Bid to ban ticket sales to scalpers

In demands: Tickets for the Rolling Stones at Perth Arena. Picture: Getty Images

Concert promoters and box office agencies want a ban on "robo-scalpers" who bulk buy tickets to blockbuster gigs and sporting events and then sell them to desperate fans at a huge mark-up.

Amid the mounting frustration of sports and music lovers missing out on tickets, shady middlemen are using computer programs to swoop on the best seats in the house.

A Senate inquiry is investigating ways to target scalpers while protecting ordinary people who have legitimate reasons for wanting to sell their tickets.

In WA it is not illegal to sell a ticket for more than its face value but promoters have the power to cancel tickets being on-sold - even at a loss - through the secondary market.

Though the proliferation of corporate packages is often blamed for pricing average supporters out of marquee events such as the AFL grand final, in some cases as soon as tickets go on sale to the public they are snapped up and immediately made available at inflated prices on websites such as Gumtree and eBay.

One seller last night was offering two dance-floor tickets to the Rolling Stones' show at Perth Arena next month on website Viagogo for more than $12,000 each, a 2000 per cent mark-up.

But Ticketmaster, auction website eBay and Live Performance Australia, which represents venues, promoters and ticket agencies, dispute that scalping is rife in Australia.

However, Ticketmaster and LPA both suggested the Federal Government crack down on automated "bots" being used to buy tickets online en masse.

Up to 60 per cent of tickets are reportedly bought this way in the US and LPA said "sophisticated scalpers" were constantly updating software to stay ahead of ticket companies.

Ticketmaster said though it believed the problem was of a "limited nature" here, it was investing in technology to win the "scalping arms war".

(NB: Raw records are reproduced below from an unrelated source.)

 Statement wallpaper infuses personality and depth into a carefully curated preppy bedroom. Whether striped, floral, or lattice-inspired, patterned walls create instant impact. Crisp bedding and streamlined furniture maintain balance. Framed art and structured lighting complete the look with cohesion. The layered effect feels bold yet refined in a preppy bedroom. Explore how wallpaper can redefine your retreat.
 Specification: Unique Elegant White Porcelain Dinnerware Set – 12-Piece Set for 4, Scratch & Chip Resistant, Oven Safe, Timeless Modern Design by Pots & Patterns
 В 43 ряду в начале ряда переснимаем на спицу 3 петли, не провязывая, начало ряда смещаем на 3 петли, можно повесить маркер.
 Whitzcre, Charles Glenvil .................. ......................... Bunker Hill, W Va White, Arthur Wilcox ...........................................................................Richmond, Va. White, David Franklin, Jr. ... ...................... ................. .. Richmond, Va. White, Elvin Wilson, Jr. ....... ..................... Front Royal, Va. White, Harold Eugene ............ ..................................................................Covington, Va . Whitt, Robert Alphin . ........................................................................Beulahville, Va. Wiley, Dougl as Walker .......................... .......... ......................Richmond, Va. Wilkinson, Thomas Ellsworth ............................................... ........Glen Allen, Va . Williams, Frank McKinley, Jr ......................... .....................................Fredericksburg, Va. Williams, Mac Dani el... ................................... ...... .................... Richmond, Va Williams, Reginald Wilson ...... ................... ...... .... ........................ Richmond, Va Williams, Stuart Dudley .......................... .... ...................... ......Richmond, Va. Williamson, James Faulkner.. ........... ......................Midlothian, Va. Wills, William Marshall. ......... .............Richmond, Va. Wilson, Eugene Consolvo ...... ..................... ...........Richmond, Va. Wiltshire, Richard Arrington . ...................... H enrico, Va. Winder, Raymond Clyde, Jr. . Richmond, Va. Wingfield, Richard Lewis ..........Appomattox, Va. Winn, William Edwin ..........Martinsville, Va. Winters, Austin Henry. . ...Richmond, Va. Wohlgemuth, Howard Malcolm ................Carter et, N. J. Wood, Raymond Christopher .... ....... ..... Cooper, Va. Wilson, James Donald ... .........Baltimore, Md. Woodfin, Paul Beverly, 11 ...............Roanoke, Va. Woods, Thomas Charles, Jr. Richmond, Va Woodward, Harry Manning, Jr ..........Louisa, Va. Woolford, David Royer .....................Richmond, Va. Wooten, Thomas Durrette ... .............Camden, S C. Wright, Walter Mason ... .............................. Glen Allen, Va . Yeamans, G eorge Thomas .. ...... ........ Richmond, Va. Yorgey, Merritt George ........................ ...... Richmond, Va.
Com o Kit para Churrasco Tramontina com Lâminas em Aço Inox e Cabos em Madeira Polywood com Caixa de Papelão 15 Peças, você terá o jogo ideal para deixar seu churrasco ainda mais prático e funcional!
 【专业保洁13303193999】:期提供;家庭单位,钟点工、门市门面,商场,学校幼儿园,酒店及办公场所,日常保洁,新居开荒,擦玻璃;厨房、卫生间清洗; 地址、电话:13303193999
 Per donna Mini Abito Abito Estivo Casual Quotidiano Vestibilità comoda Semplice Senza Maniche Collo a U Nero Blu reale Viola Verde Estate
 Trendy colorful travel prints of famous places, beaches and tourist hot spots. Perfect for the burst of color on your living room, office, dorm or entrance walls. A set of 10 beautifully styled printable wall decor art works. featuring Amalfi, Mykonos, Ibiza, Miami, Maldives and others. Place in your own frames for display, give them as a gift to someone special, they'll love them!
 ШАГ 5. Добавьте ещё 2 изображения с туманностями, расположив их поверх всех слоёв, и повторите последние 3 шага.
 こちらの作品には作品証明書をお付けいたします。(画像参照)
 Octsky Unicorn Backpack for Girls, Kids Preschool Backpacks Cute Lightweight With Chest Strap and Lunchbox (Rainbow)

According to eBay, ticket buyers should be able to legitimately resell their tickets on the secondary market.

It said most of the demand to sell tickets came from consumers who could no longer attend an event rather than greed.

Hawthorn supporter George Peterson said in his submission that he happily paid $750 for a ticket from a scalper for last year's grand final against Fremantle.

"My point is, what sort of country is this if you guys, who are smarter than me and we vote you in to look after us, bring in laws to stop me going to see my team play in a grand final," he said.

"I don't have many vices, but footy and AC/DC it is."